Figure 1 Illustration of the main parts of this work: data acquisition, database implementation, calibration (CART and K-MEANS machine learning approaches) and modeling. 

Vcmax = Vc x stresstl (4)

where Vc is the Vcmax value obtained from learning machine (data mining) methods, MLR or UNCALIBRATED defined in INLAND for deciduous shrubs; stresstl is a value calculated by INLAND model from precipitation, radiation and air temperature data (collected in the meteorological tower) and it varies from 0 to 1. Using the field samples, the inferences were done with MLR and with the CART and K-MEANS unsupervised clustering methods. After calibration using these methods, the rules of CART and K-MEANS and the MLR equations were implemented in the INLAND model.

2.2.1 CART

CART is a method to perform a classification through categorical or discretized variables regression with average values as output (Breiman et al., 1984). This method was selected because it allows to supply a discretized real variable (one value of Vcmax) and it solves a multivariate regression problem. We used the CART implementation in Matlab software version 7.12. This method has other advantages such as the easiness to interpret the results; low sensitivity to outliers, ability to handle high dimensionality data (i.e. data with many attributes), and also to identify the more relevant parameters; requires little data preparation, whereas other techniques often need the normalization of data; as well as fast processing time and high accuracy (Sutton, 2005; Lima et al., 2014).

CART input is a set of chained rules such as “IF THEN ELSE”, forming a hierarchical structure similar to a tree. It operates on a database and determines the output parameter class based on input attributes. The components of this structure basically are: nodes - rules that test the values (or attributes); leaves - the classification itself. Each path in the tree (from root to leaf) corresponds to a classification rule. The attribute space (in this case: VpdL, air temperature and PAR) were partitioned by binary splitting of the input attributes. Each splitting corresponds to a rule concerning the value of the output attribute, being depicted by a node of the tree. At each node, the left or right branch is chosen according to the value of the considered input attribute, i.e. according to a simple less than (equal) or greater than (equal) rule (value comparison rule). In this fashion, at some terminal node a “final” discrete value is assigned to the output attribute. One of the criteria for choosing the attribute for a node is the choice of the attribute which has highest information gain that is realized through entropy estimate (more or less organized data) (Han and Kamber, 2001). A decision tree has many levels and the same attribute may appear many times in different nodes/levels. A pruning criteria is adopted in order to avoid overfitting, which renders a tree that is not able to perform classification/regression in a dataset different from the training set (Han and Kamber, 2001; Witten et al., 2011).
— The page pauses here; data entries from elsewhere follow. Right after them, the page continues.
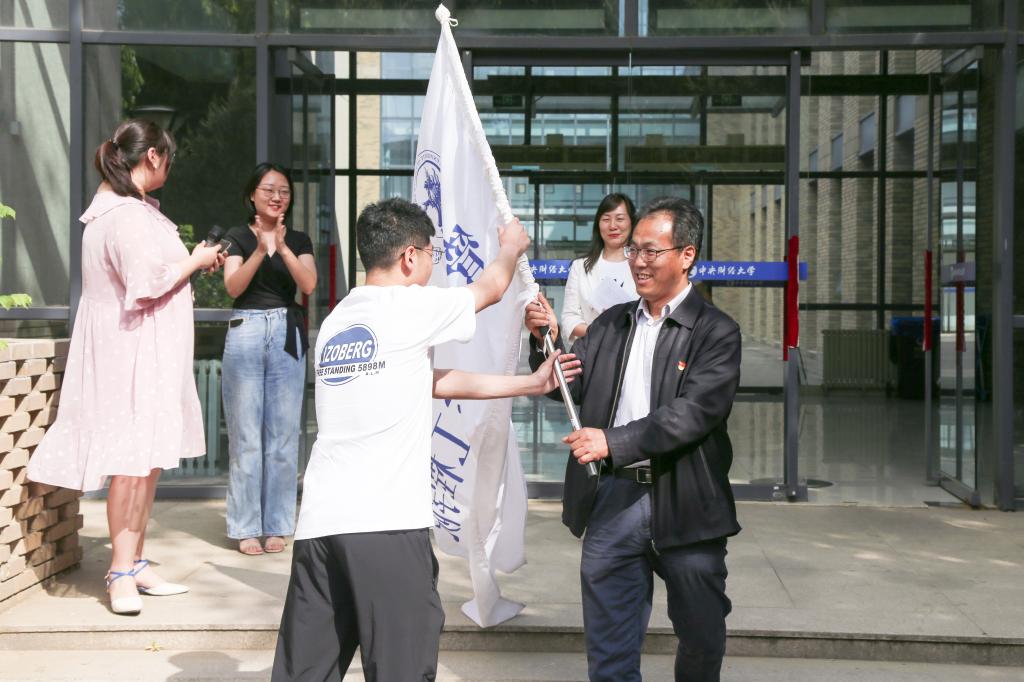 最后,大会上演了以“南陈北李,相约建党”为主线的历史情景剧。同学们亲身扮演陈独秀、李大钊等革命家。声情并茂、充满激情的表演仿佛把观众带回了那个奋进的年代,引起台下热烈掌声。一曲《不忘初心》,在场师生们自发跟唱,挥舞手中的红旗。在动听的旋律和舞团精彩的舞蹈中,五四表彰大会画上了圆满的句号。
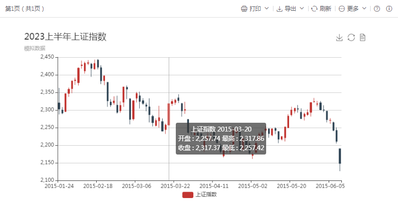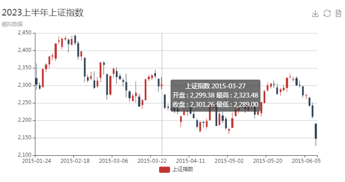 以K线图的方式展示“当年上半年上证指数”,效果如下:
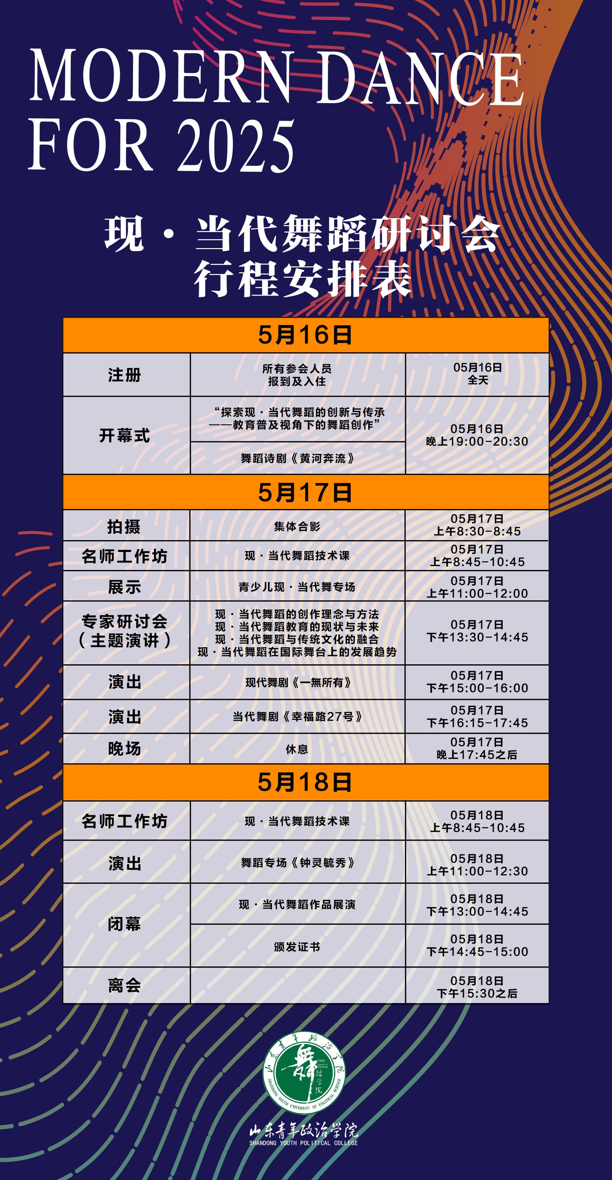 为探索现当代舞蹈的创新与传承,探讨教育及视角下的舞蹈创作,由yl88858永利中国主办的"2025年现当代舞蹈研讨会"拟于2025年5月16日至18日在济南举行。旨在为舞蹈创作者、教育者、学者和爱好者提供一个交流平台,分享现当代舞蹈创作的经验和理念,促进现当代舞蹈的创新与传承,提升现当代舞蹈的艺术水平和社会影响力。诚邀各位同行、舞蹈爱好者们光临,共同为推动现当代舞蹈的创新与传承贡献智慧和力量!
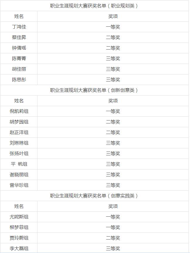 台湾三级片 学生丁鸿佳获职业规划类一等奖。倪凯莉、陈园、郑兰兰、沈焕聪小组获创新创意类一等奖。尤尼斯和胡柔小组及柳梦菲同学获创业实践组一等奖。台湾三级片 获奖人数全校第一。同时,学院荣获优秀组织奖,周明宝、梁汲媛和周长喜获得优秀指导教师奖。
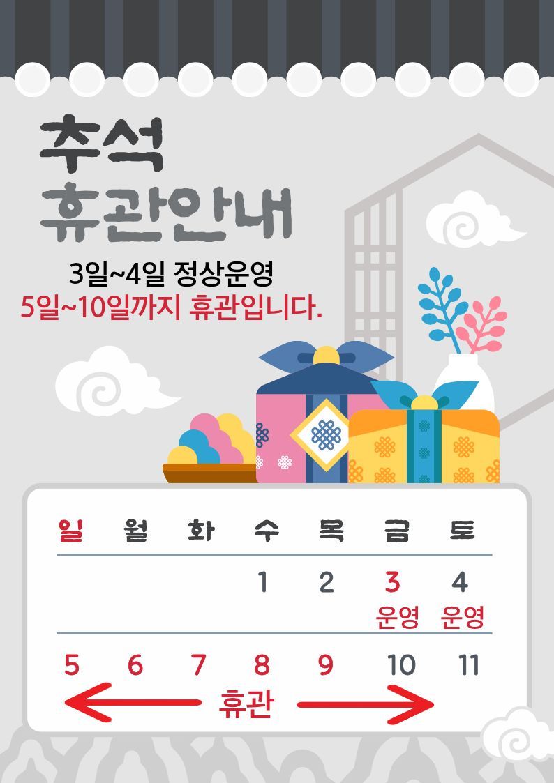 1. 휴관일 : 2025. 10. 5.(일) ~ 10. 10.(금), 6일 간

2.2.2 K-MEANS (Clustering)

We used the K-MEANS implementation of Weka software version 3.7.1 released under the GNU General Public License. First the K parameter, which represents the number of groups or cluster to be classified, is determined. K points are chosen at random as cluster centroids by the algorithm. Instances are assigned to their closest cluster centroid according to a distance function (in our case, we apply Euclidean distance). Next the centroid, or mean, of all instances in each cluster is calculated – this is the “means” part. These centroids are taken to be new center values for their respective clusters. Finally, the whole process is repeated with the new cluster centroids. Iteration continues until the same points are assigned to each cluster in consecutive rounds, at which point the cluster centroids have stabilized and will remain the same thereafter (Witten et al., 2011). The data were normalized in order to transform values between 0 and 1. The normalization purpose in this case is that magnitude of the attribute (for example: PARout) could have larger weight in the distance calculation.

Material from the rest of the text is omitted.